AutoDock-GPU (Santos-Martins 2021) is an OpenCL implementation of the widely used tool AutoDock4 (for the docking of small molecules to macromolecular targets) that leverages the highly parallel architecture of GPU hardware to reduce docking runtime by up to 350-fold with respect to a single-threaded process. In addition, the gradient-based local search method ADADELTA, as well as an improved version of the Solis-Wets random optimiser from AutoDock4 reduces the number of calls to the scoring function that are needed to produce good results.

Here we will discuss the installation and running of this tool on a Linux-based operating system.

Table of Contents

Requirements

  • Administrator privileges.
  • An NVIDIA-based GPU system capable of running CUDA.

Installation

AutoDock4 and AutoGrid4

If you already have a dedicated location in which to store tools, navigate to that folder. Otherwise first we will create a new folder within our Documents folder.

To install AutoDock4 and AutoGrid4, you will need administrator privileges.

# Create the new directory and navigate to it
mkdir ~/Documents/Tools

# Install AutoDock4 and AutoGrid4
sudo apt install autodock
sudo apt install autogrid

MGLTools

Next we need to install MGLTools from the browser using this link. Choose the GUI installer option for Linux, which has the file name mgltools_Linux-x86_64_xxx_Install.

We need to give the installer permission to execute as a program. Right-click the file and select Properties, switch to the Permissions tab, and check the box at the bottom that says Allow executing file as program.

Now we can double-click on the install file, and follow the prompts to install MGTools.

Once you have successfully completed this, we need to add MGTools to the PATH. The easiest way to "set and forget" this step is to add this step to our .bashrc file (this file runs a given set of instructions every time you start an instance of the terminal).

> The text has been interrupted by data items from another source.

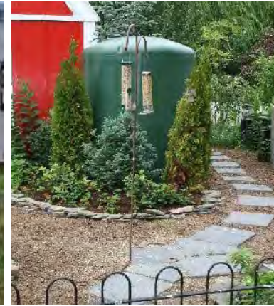
Rainwater captured in a cistern
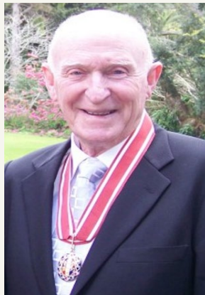
Sir Murray Halberg
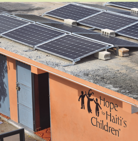
Solar panels providing power for the orphanage dining hall (above); Children of Thomazeau orphanage benefitting from the new power (right)
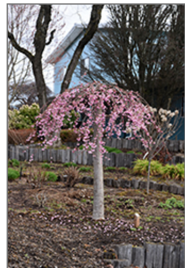
Pink Cascade Weeping Cherry in bloom
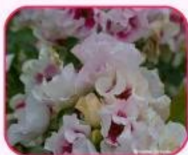
N° 03 See You in Purple de Kordes Rosen
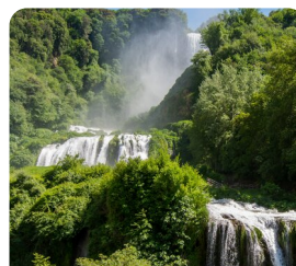
Waterfalls of Marmore Europe's highest man-made waterfalls
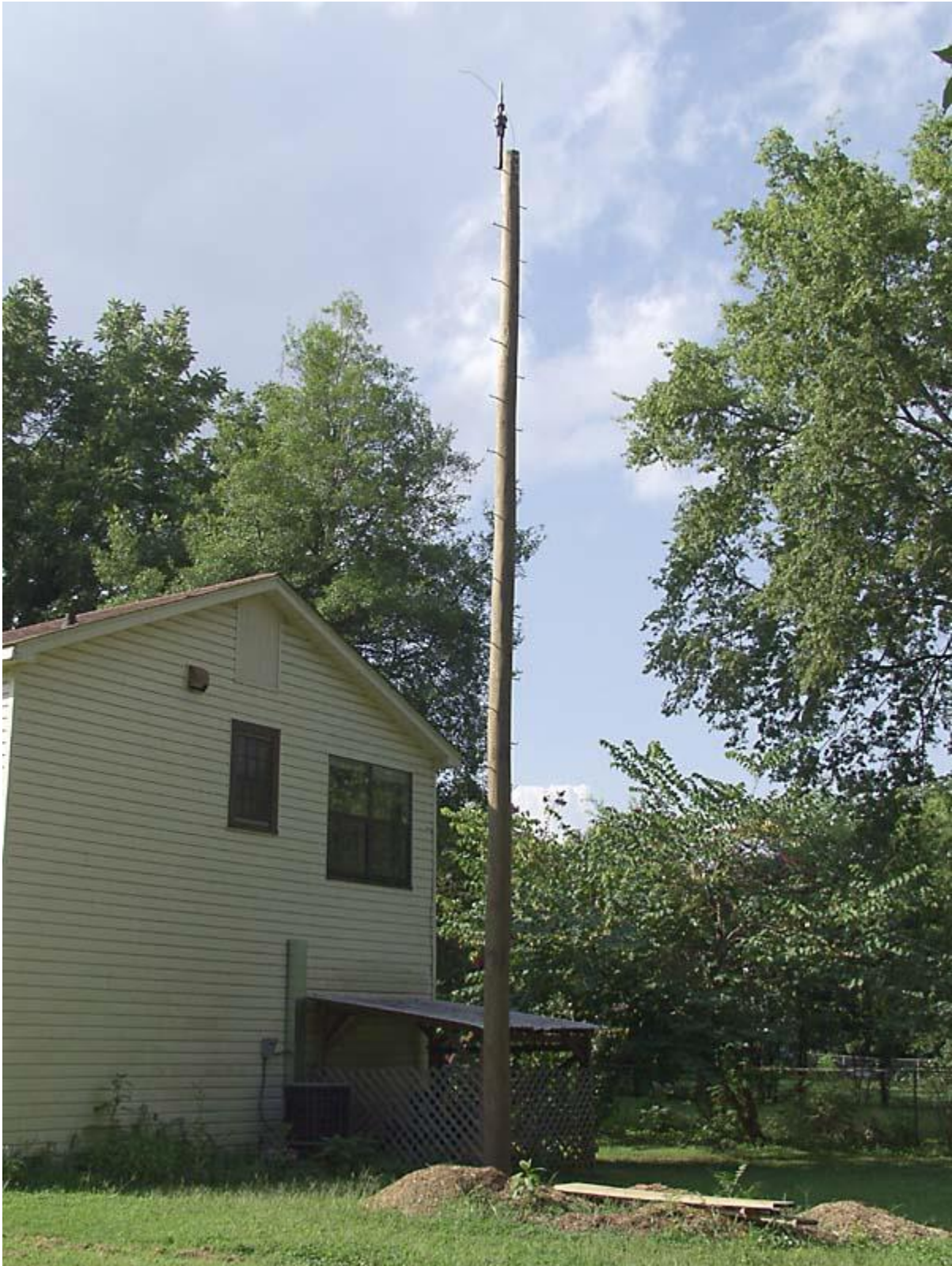
This is the over-all view of the pole with the rotator attached. The 39-foot high pole now has an additional 2 feet of bracket, rotator, and mast, for a total antenna height of 41 feet.
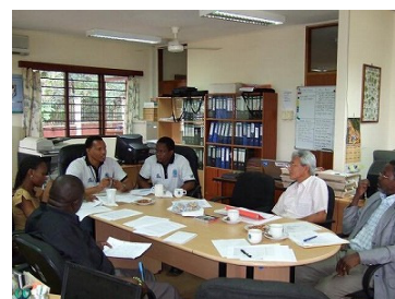
Country Office Staffs in a meeting with the Deputy Executive Director and the Programme Advisor at the TCO room
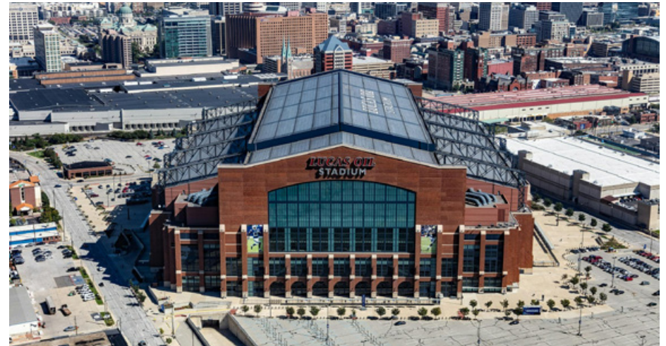
Lucas Oil Stadium - Indianapolis, IN
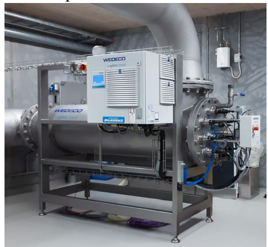
Pic.3 UV sterilizer

Pathogenic microorganisms can harm the human body only if they multiply in the body; when water is disinfected with ultraviolet light, this ability is lost and, as a result, any negative effect of microorganisms is excluded.
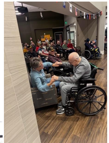
Veterans Day Party
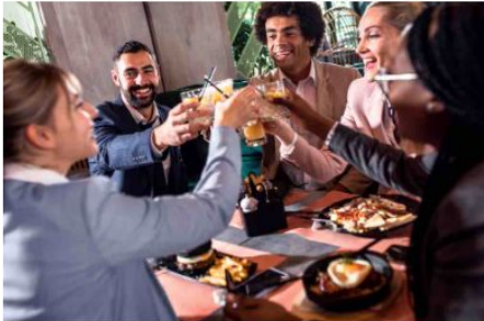
Help Guests Unwind
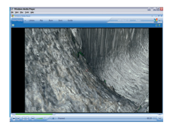
FIG. 3. Fly-through model representing Emu Cave.

(5 megapixel) each costing £240 when purchased in January 2005. In April 2005, the first author ran a one-day workshop in Durham attended by 50 enthusiastic rock-art volunteers. Four presentations were given. The first two described how cheap digital cameras were used to record petroglyphs and pictographs in Australia. This was followed by an explanation of how to acquire appropriate stereo-imagery, emphasising how the base to distance ratio provides a simple guide for success. The final presentation focused on how to use the LPS to extract DEMs and orthophotos (Leica Geosystems, 2005), but also made the point that the stereo-imagery itself could remain the record, rather than any extracted data. The workshop was crucial because it fired enthusiasm, and within weeks the volunteers had begun to go out and acquire imagery. Further advice and encouragement proved necessary and the second author at English Heritage gave support by e-mail and indeed went out into the field to give further instruction over the summer of 2005.
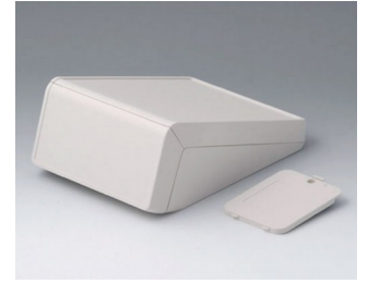
B4056237 UNITEC M, 0.6/1.4 ABS (UL 94 HB) off-white RAL 9002 148x210x80mm IP 40
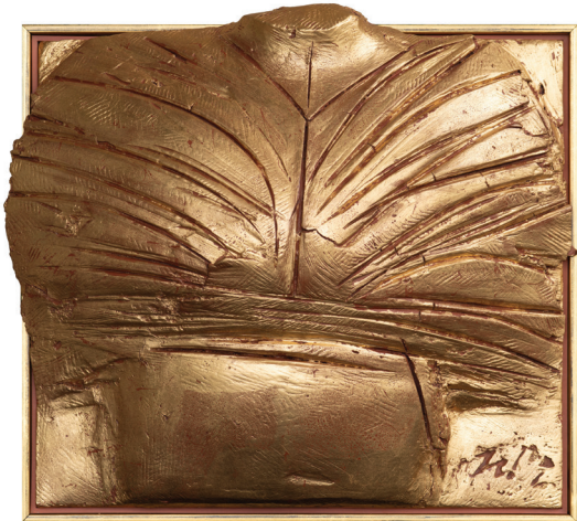
Idun - Deity Series , red gold over mauve clay 13.5" x 15" x 4"

518 Julia Street | New Orleans, LA 70130
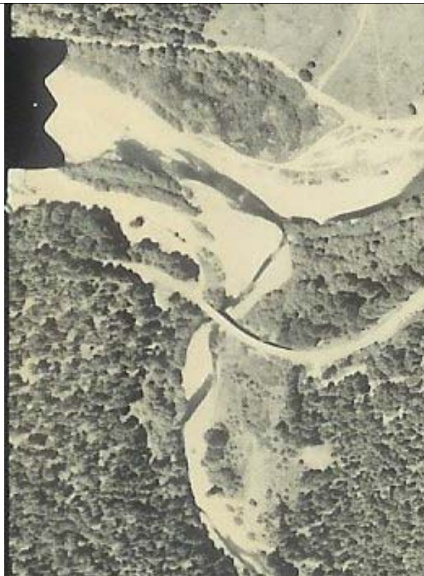
06/08/94 0 ' Up Wheatfield Dir 0 Cr Station 0 LWD Site 0 12:00 PM Photo 4021 Road# 40 Mi. 1.6 Map Pt. 2450 THP Maintenance The South Fork is in the center of the channel.
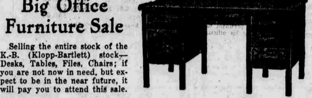
Big Office Furniture Sale Selling the entire stock of the K.-B. (Klopp-Bartlett) stock—Desks, Tables, Files, Chairs; if you are not now in need, but expect to be in the near future, it will pay you to attend this sale.
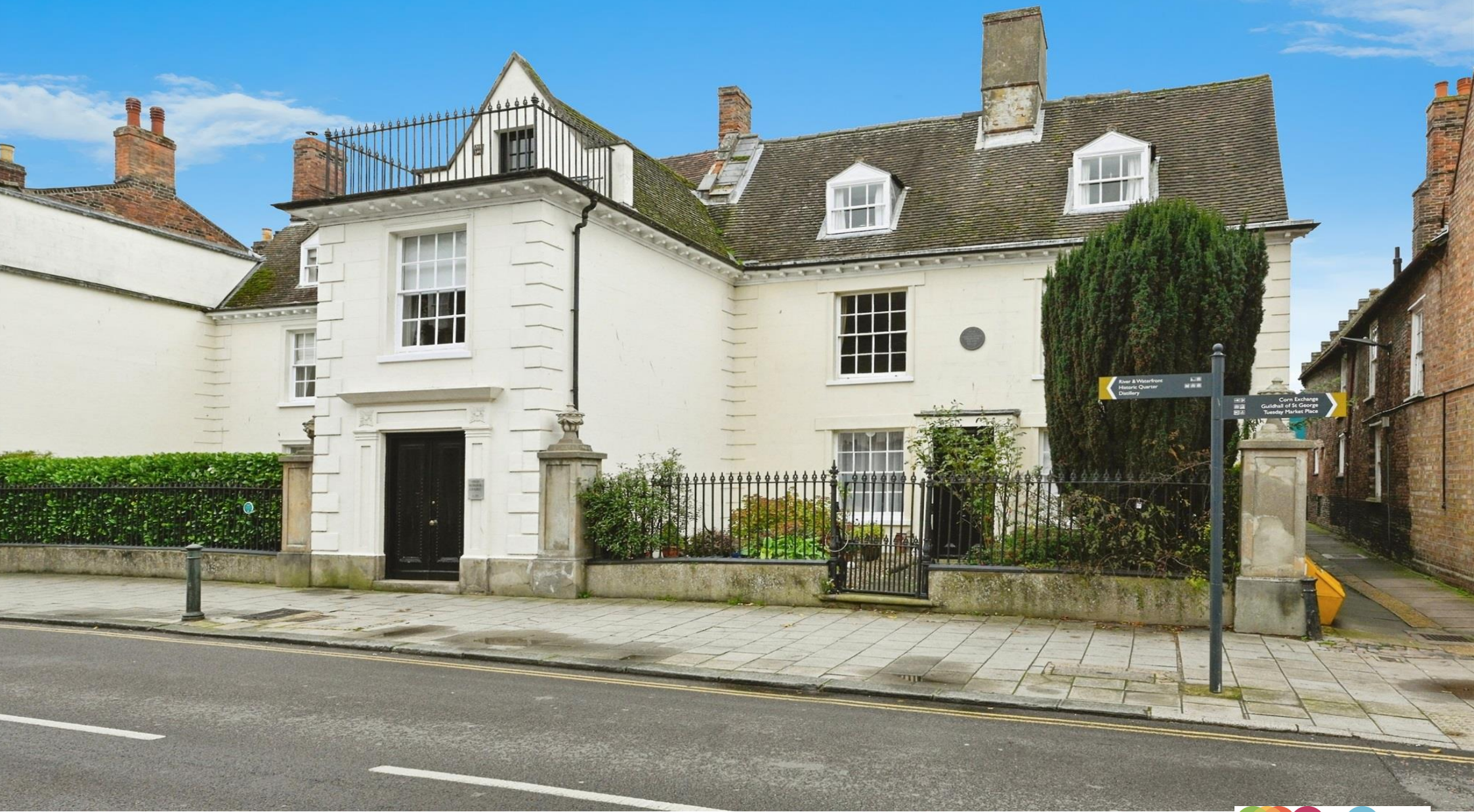
Old School Court, King's Lynn, PE30 1DB
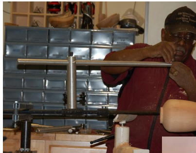
Using a captive bar hollowing tool with laser guide
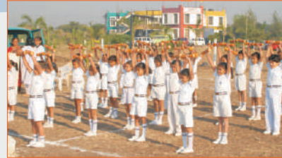
Mass P. T. and drill in progress
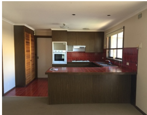
51 Albert Street KILMORE, VIC
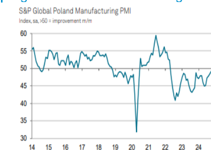
Figure 1. PMI manufacturing

At press conference NBP president Adam Glapinski informed that currently dominating view within the MPC was that a discussion on rate cuts might start in October 2025 not in March 2025 as several MPC members had signalled earlier. NBP President explained that the reason for that was that cap on energy prices would expire in end of September 2025. NBP expects consumer inflation to rise towards 5% in the end of 2025 after decline in Q2 next year. NBP President underlined that discussions on rate cuts wouldn't result in actual rate cut. This comment significantly changed market expectations on size and timing of interest rate cuts next year. The comment of NBP president was alleviated slightly by comment from MPC member Henryk Wnorowski who said that discussion on rate cuts might start after release of NBP inflation projection in March 2025 and added that total size of rate cuts in 2025 would not exceed 100bps. A similar comment came from MPC member Ludwik Kotecki who said that the view of NBP President was not the view of the MPC and added that discussion on rate cuts might still commence in March. MPC Cezary Kochalski said he was slightly more optimistic concerning energy prices in the end of 2025 and added that discussion on rate cuts might start in March 2025 or later. MPC Ireneusz Dabrowski said the central bank might cut interest rates in Q3 2025. MPC Gabriela Maslowska commented that the central bank might start monetary easing in the second half of 2025 or in Q1 2026.
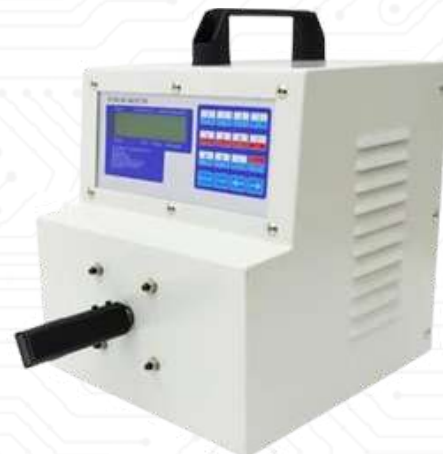
AUTOMATIC WIRE TWISTER MACHINE
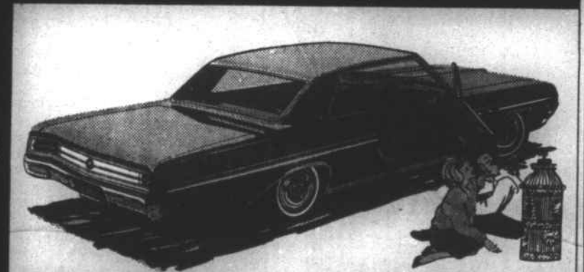
Buick Skylark: A very personal car with a flair for action. Now in 3 models.
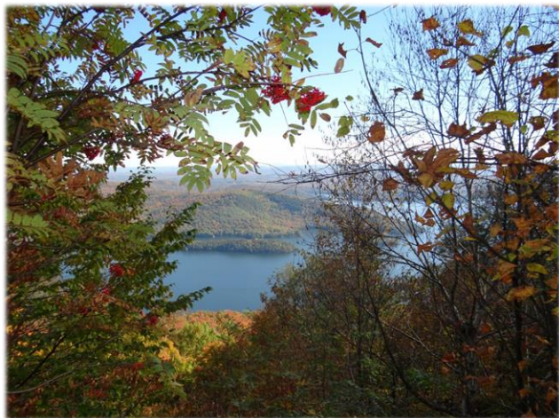
Vue sur le lac Memphrémagog, du sentier Panorama View onto Lake Memphremagog from Panorama trail
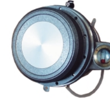
Sening™ API Coupler
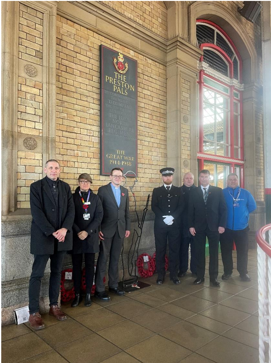
CRL attended the Remembrance service held at Preston Station on the 10 th November 2023.

CRL joined the Remembrance service held at Preston station on the 10 th November along with the Railway Chaplain, BtP, Avanti WC, TP and Northern.
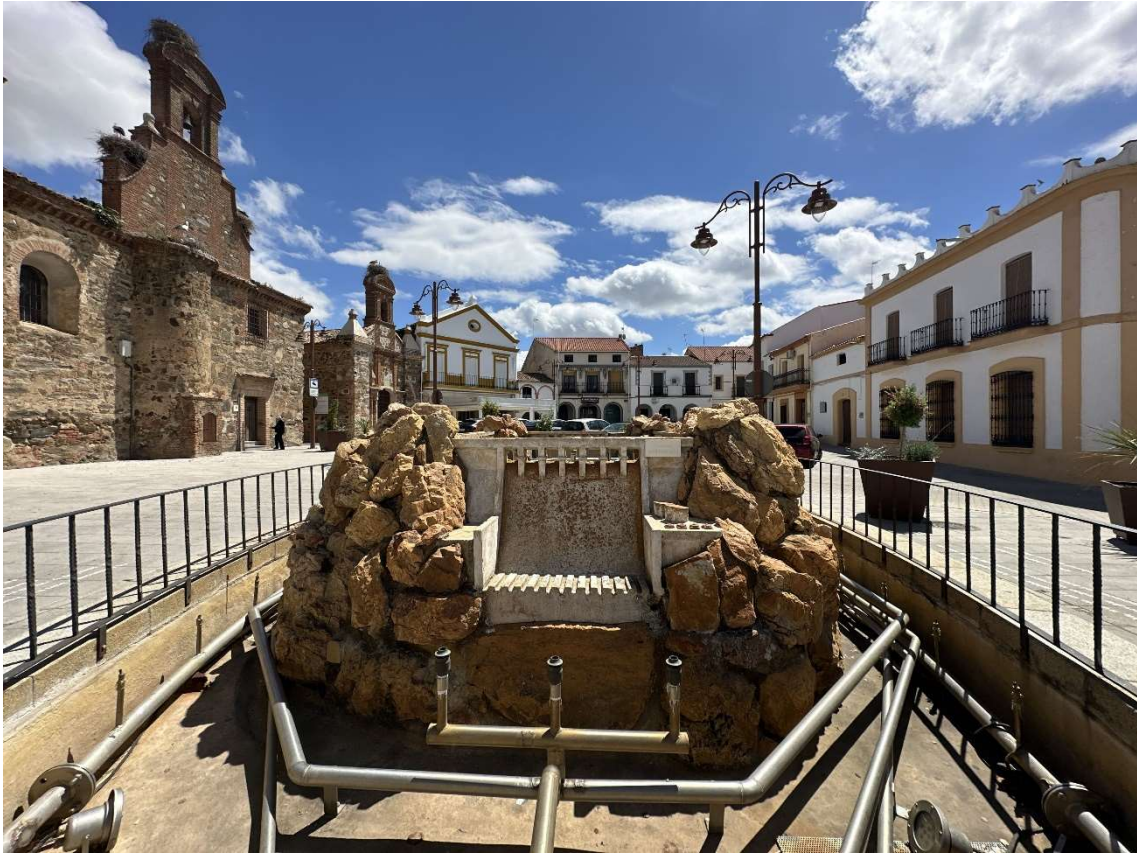
Image of the fountain from another perspective.

If you have installed MGLTools in a location other than the home directory, alter the code below as necessary. Also amend the version number if you have installed a different version of MGLTools.

# Change to the home directory
cd ~

# Add the PATH export instruction to the .bashrc file
# The double greater than sign '>>' appends a new line to the given file
echo 'export PATH=$PATH:/home/{username}/MGLTools-1.5.7/bin' >> ~/.bashrc
echo 'export PATH=$PATH:/home/{username}/MGLtools-1.5.7/MGLToolsPckgs/AutoDockTools' >> ~/.bashrc

CUDA

Head over to the NVIDIA cuda-toolkit page, click the download link, and select your operating system, system architecture, distribution (e.g. Ubuntu), version number (e.g. 22.04), and the installer type you would like. We will select deb (local) here.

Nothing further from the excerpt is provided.